**EXERCISE PROMPT:** Restate the entries below in full, exactly as they read, but without pictures.

**INPUT RECORDS:**
BEGIN

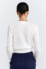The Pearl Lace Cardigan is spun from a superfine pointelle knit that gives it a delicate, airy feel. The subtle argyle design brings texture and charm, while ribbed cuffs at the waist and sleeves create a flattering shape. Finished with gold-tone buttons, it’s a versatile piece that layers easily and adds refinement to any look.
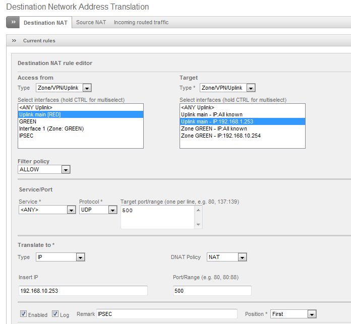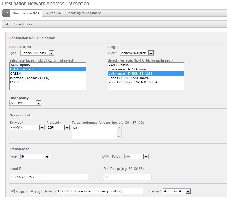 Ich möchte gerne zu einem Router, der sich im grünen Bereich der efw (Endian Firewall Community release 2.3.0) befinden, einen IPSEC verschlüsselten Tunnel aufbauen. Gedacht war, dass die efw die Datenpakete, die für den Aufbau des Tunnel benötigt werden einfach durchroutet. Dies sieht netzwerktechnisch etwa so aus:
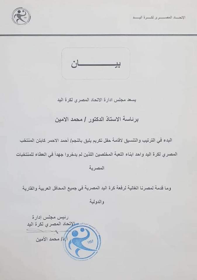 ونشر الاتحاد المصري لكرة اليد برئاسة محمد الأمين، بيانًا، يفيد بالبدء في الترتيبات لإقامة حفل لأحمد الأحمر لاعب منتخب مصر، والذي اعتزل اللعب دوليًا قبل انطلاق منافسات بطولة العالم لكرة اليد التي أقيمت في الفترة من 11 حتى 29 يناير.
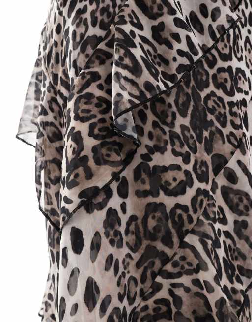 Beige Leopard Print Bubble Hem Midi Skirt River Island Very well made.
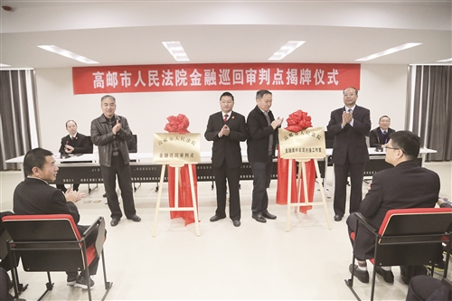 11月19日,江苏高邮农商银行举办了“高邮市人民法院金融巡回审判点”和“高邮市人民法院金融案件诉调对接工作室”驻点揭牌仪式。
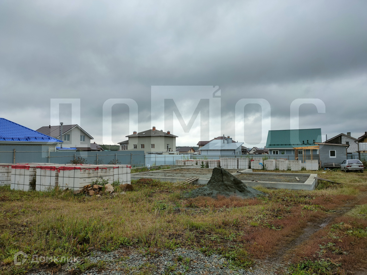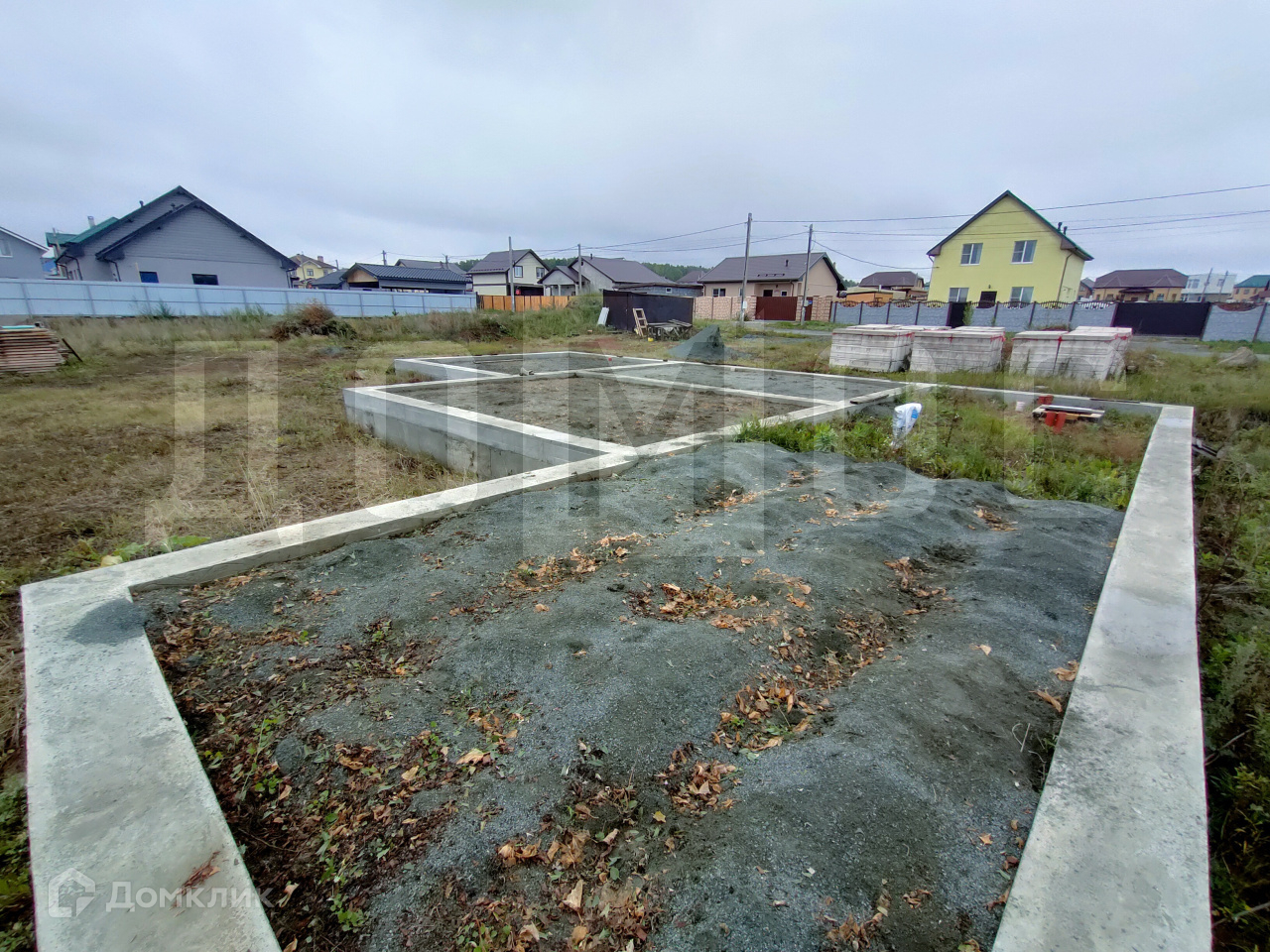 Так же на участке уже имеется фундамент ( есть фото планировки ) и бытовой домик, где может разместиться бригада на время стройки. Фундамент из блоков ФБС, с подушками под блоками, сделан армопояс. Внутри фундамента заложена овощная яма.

END

**EXPECTED OUTPUT:**
The Pearl Lace Cardigan is spun from a superfine pointelle knit that gives it a delicate, airy feel. The subtle argyle design brings texture and charm, while ribbed cuffs at the waist and sleeves create a flattering shape. Finished with gold-tone buttons, it’s a versatile piece that layers easily and adds refinement to any look.
 Ich möchte gerne zu einem Router, der sich im grünen Bereich der efw (Endian Firewall Community release 2.3.0) befinden, einen IPSEC verschlüsselten Tunnel aufbauen. Gedacht war, dass die efw die Datenpakete, die für den Aufbau des Tunnel benötigt werden einfach durchroutet. Dies sieht netzwerktechnisch etwa so aus:
 ونشر الاتحاد المصري لكرة اليد برئاسة محمد الأمين، بيانًا، يفيد بالبدء في الترتيبات لإقامة حفل لأحمد الأحمر لاعب منتخب مصر، والذي اعتزل اللعب دوليًا قبل انطلاق منافسات بطولة العالم لكرة اليد التي أقيمت في الفترة من 11 حتى 29 يناير.
 Beige Leopard Print Bubble Hem Midi Skirt River Island Very well made.
 11月19日,江苏高邮农商银行举办了“高邮市人民法院金融巡回审判点”和“高邮市人民法院金融案件诉调对接工作室”驻点揭牌仪式。
 Так же на участке уже имеется фундамент ( есть фото планировки ) и бытовой домик, где может разместиться бригада на время стройки. Фундамент из блоков ФБС, с подушками под блоками, сделан армопояс. Внутри фундамента заложена овощная яма.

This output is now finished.